The true meaning of greatness
Letter to the Editor | Wednesday, March 25, 2020
In these times of fear and uncertainty, when our daily lives are severely disrupted by the COVID-19 outbreak, many people forget what “greatness” truly means. Indeed, doesn’t this pandemic show that, biologically speaking, human beings are as vulnerable to disease and death as other creatures in the animal world?
At a time when we do not yet have an effective medication or vaccine for this illness, the only thing we can do to prevent its spread is through isolation and hygiene measures. People isolate and distance themselves from each other, struggling against an invisible, fearsome and insidious enemy. Public worship and in-person classes are cancelled as uncertainty and fear reign everywhere. But I dare to say that it’s precisely in such times that we need to realize our fundamental calling for greatness, love and glory.

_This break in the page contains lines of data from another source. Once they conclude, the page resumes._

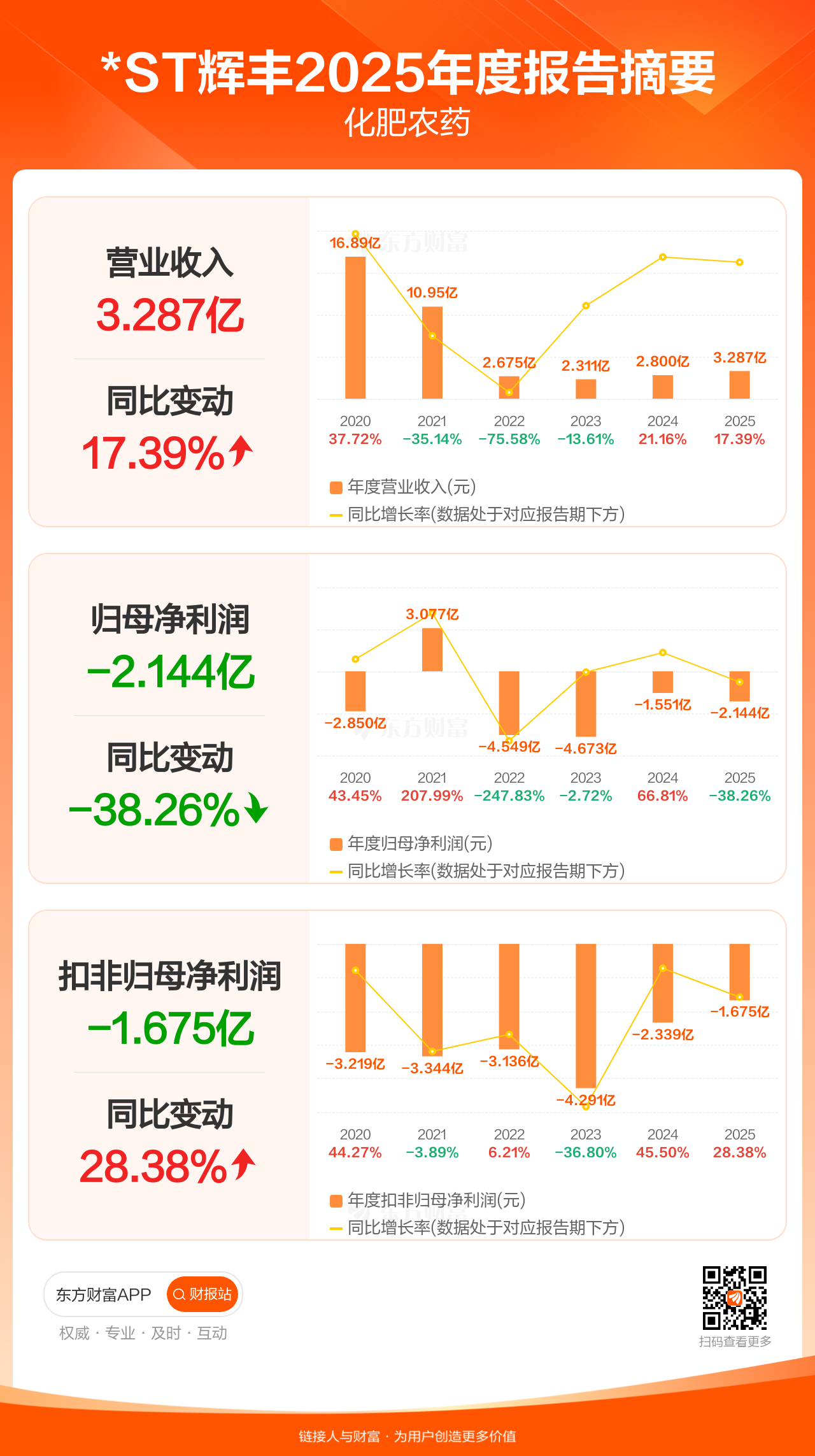 *ST辉丰4月18日发布2025年年报显示,公司全年实现营业收入3.29亿元,同比增长17.39%;归母净利润-2.14亿元;扣非归母净利润-1.67亿元。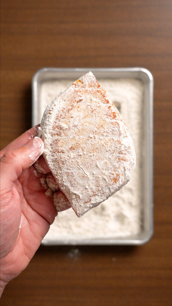 Dredge the tofu! You have a couple options. You can go into the flour, then the buttermilk, then back into the flour. Or for a thicker breading, double dredge by going into the buttermilk, then the flour, and then repeat that. I personally don’t have a huge preference, but if you like a thicker breading go for the double dredge!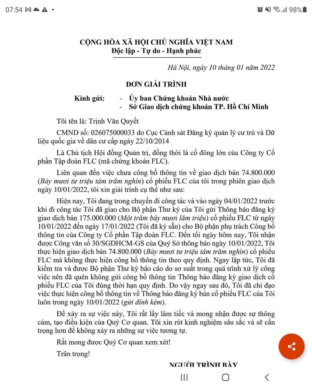Chiều ngày 10/01/2022 (17 giờ 45 phút), Ủy ban Chứng khoán Nhà nước (UBCKNN) nhận được Báo cáo số 31/SGDHCM-GS đề ngày 10/01/2022 của Sở Giao dịch chứng khoán TP. Hồ Chí Minh (HOSE) về việc ông Trịnh Văn Quyết, Chủ tịch Hội đồng Quản trị Công ty cổ phần Tập đoàn FLC giao dịch bán 74,8 triệu cổ phiếu Công ty cổ phần Tập đoàn FLC (Mã chứng khoán FLC - HOSE) nhưng không báo cáo, không công bố thông tin trước khi thực hiện giao dịch.

You may say that I’m joking. What could be more antithetical to greatness than our current helplessness in the face of this pandemic? Indeed, this virus has managed to destroy all of our false notions of greatness. There were some who associate greatness with fame or power, yet we see many well-known and distinguished people succumb to this new virus. Others associate greatness with a country’s advanced military system and weaponry; alas, none of those expensive and destructive weapons are effective against this virus.
Still others associate greatness with mighty borders that can keep all unwanted people out of one’s country; COVID-19 is indeed most unwanted, but none of those borders can keep it out. It doesn’t discriminate between people; it attacks the American and the Italian and the Chinese, the rich and the poor, the old and the young alike.
You may ask, “In what does true greatness consist?” You see, whenever scripture talks about greatness, it always associates greatness with love. The greatest commandment is that of loving God and one’s neighbor sincerely and wholeheartedly. When the disciples repeatedly argued about who was the greatest, Jesus always pointed them towards a love that humbly serves and wills the good of the beloved.
About this great and everlasting love, St. John gushed out, “See what great love the Father has lavished on us, that we should be called children of God! And that is what we are” (1 John 3:1). And this love is no mere passion or “feel-good” feeling. The disciples knew what it was like to be beaten and persecuted, to be shipwrecked, to be sick and abandoned and desolate. And yet, they still proclaim a love that makes us “more than conquerors,” which nothing in all creation can separate us from (Romans 8:37-39). It is in this love that true greatness lies, and it is in this love that we are transformed into Christ’s likeness, and it is in this love that the world will be created anew.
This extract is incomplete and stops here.